I believe that living life is much more important than planning it. I am twenty-nine years old and I am nowhere near the place I thought I would be. I had a plan. It was a rough and simple plan, but a plan. By now I would be married to a great guy, have a couple of kids, a nice house and a dog. Perhaps I would have a job, but my husband was going to earn plenty of money, so that I could choose to be a stay-at-home mom, just like my mom.
By the winter of 2002, things were going according to plan. I was twenty-three and set to be married on December 7th. Since being married on Pearl Harbor Day might be bad luck, we moved the wedding to December 14th. The following summer I was pregnant. We didn’t have a house or dog yet, but they were in the works.
Later that year, just before our first anniversary, when I was around six months along in my pregnancy, my husband came up with the brilliant idea of moving into his mother’s basement: to save for our dream house. December 14, 2003, the morning we were supposed to begin celebrating being married for a whole year, he packed us up and we moved. I cleaned out my savings of $3,000 to pay our way out of our apartment lease.
Two weeks later, the day after Christmas, we were watching TV in my mother-in-law’s half- finished basement, careful not to not sit under the dripping pipes. The man of my dreams who I was going to spend my life with didn’t look at me when he said, “I don’t want to be married. I feel trapped.”
Huh?
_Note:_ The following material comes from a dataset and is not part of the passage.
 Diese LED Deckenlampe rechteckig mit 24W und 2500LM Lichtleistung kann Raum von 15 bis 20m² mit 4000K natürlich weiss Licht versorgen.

Everything was going great as far as I knew. I was wrong. Apparently. Suddenly I was homeless, moneyless, pregnant, and all of my plans were trashed.
After a while, I stopped crying. I realized that I mourned the ruin of my careful planning more than the actual loss of my marriage. The problem became that I didn’t know what to do with myself. I suddenly had no direction, no deadlines for my life. It was terrifying. I had no plan.
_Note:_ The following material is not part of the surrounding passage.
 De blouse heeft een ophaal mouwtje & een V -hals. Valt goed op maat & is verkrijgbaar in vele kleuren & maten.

Since I had to do something, I just thought about what I wanted to do and could do. I started taking things as they came.
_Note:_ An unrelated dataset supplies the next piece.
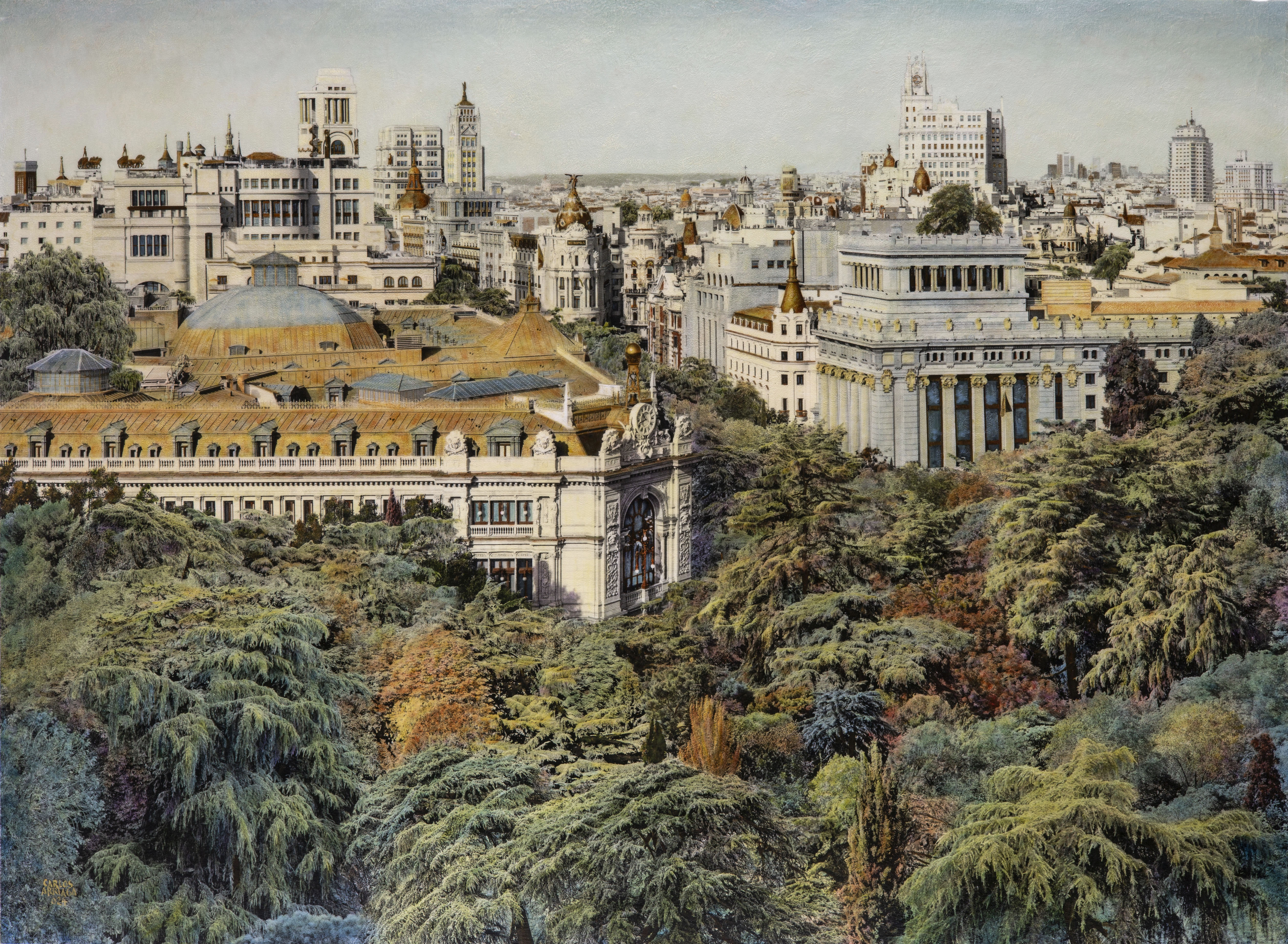 En mis obras, los paisajes urbanos de Madrid no se muestran en su forma habitual, en cambio, están rodeados y transformados por una naturaleza exuberante que parece reclamar su espacio. Edificios icónicos, calles y plazas que muchos reconocen se ven inmersos en un entorno verde y frondoso, como si la naturaleza hubiese comenzado a recuperar lo que una vez fue suyo. Para mí, estas imágenes no son solo visiones estéticas, sino una llamada a imaginar un futuro donde las ciudades y la naturaleza no estén en conflicto, sino en armonía. Este concepto nace de una reflexión sobre el equilibrio que hemos perdido entre lo urbano y lo natural.

Four years later, I am working at a great job, and about to graduate college. How I managed it? I don’t know.
My daughter is in pre-school and is a very happy, smart, beautiful little girl. I am dating and I have a cat. I am much more relaxed than I used to be. I no longer look at things in terms of what needs to get done and by when. Things have fallen into place: maybe not the place I originally intended, but a wonderful place anyway.
You can’t plan to be happy. If you’re lucky, you just end up where I am.